Старая Павла сутулилась среди ребят, отворачивалась, прикладывала к глазам платок. Ворчала: «Ну хватит, хватит, поглазели – и будет…»
Разом архаровцы скинули с себя светлое, чистое. С рёвом скатились с крыльца – и заколошматили друг друга портфелями и сумками. И понеслась, и заорала, и заподпрыгивала Куликовская битва! О тесные штакетниковые ворота ударилась, замолотилась возле них основательно, надолго. И Павла с улыбкой смотрела, пыталась уследить за портфелем внука. Летающим, как кистень. «Ишь ты! Ишь ты, чего делает! И портфеля не жалко!..» Потом отворачивалась, возилась с пудовым замком, закрывала школу. Через час-полтора ей с внуком снова сюда – мыть полы. А пока пусть побегает, пусть порезвится. Павла шла, вздыхала. Шла чахлым пришкольным участком – «Ботаническим» – к той же драной двери без крыльца и сеней – в их так называемую «квартиру при школе».
Во время ужина, хлебая постненькие щи, Павлики ожидающе посматривал на бабушку. Та сразу начинала уводить глаза, суетить руки, пододвигать хлеб, солонку, доску с резаным луком: «Ешь, ешь, сынок!»
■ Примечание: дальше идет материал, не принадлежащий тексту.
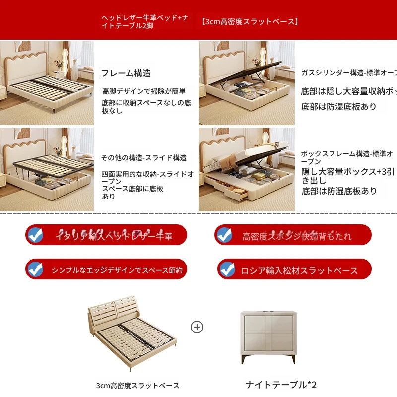 トップレザー仕上げのベッド+2キャビネット+22cm 六つ星クラスの抗菌防ダニラテックスマットレス

Павлики останавливал её руки мягкой длинной своей рукой. «Когда пойдёшь, бабушка?…» – «Пойду, пойду! – бодро восклицала Павла. – Одной бумаги нет ещё. Не хватает… сказали… одной бумаги…» – «Но ведь ты не ходила даже… Кто сказал?» Павла точно не расслышала вопроса, всё суетила заботу свою на столе.
Павлики хмурился. Молча доедал щи, говорил тихо «спасибо», вылезал из-за стола. У печки начинал черпать ковшом из большого чана на плите парную воду, сливать её в два приготовленных ведра. Потом приходил Шаток, и они втроём мыли полы. В коридоре школы, в классах. Витька тащил из ведра жидкой тряпкой грязную воду наверх, отжимал обратно чуть, расправлял тряпку, накидывал на Т-образный конец длинной палки, подавал Павле. Та неумело – никак не могла привыкнуть к этой новации ребят: раком-то оно способней, так ведь не разогнуться от полу-то теперь, Господи! – ширкала пол. Дав ей поработать чуток, Витька мягко, но решительно забирал у неё швабру, сам гонял воду по грязному полу. По-дяди-Коли-шкенцовски, по-флотски. Павлики бегал по классам со второй шваброй, такой же длинной и жидкой. А Павла, как старая лошадь, еле взлезшая на бугор – тяжело дышала, не могла унять сердца. Приваливалась к своему дежурному столику, отводила рукой холодную белую мошку. И всё удивлялась такой своей работе: ведь потелепалась-то чуток – и на тебе!.. На столе валялся в спицах недовязанный носок. Словно так и не набитый дополна за эти годы школьными сорокаминутками. Словно ждал их – разинутый, жадный – новых, нескончаемых. И как большая усталая медная капля висел на облезлой стене старый Павлин звонок, протёршийся, сбитый до мяса…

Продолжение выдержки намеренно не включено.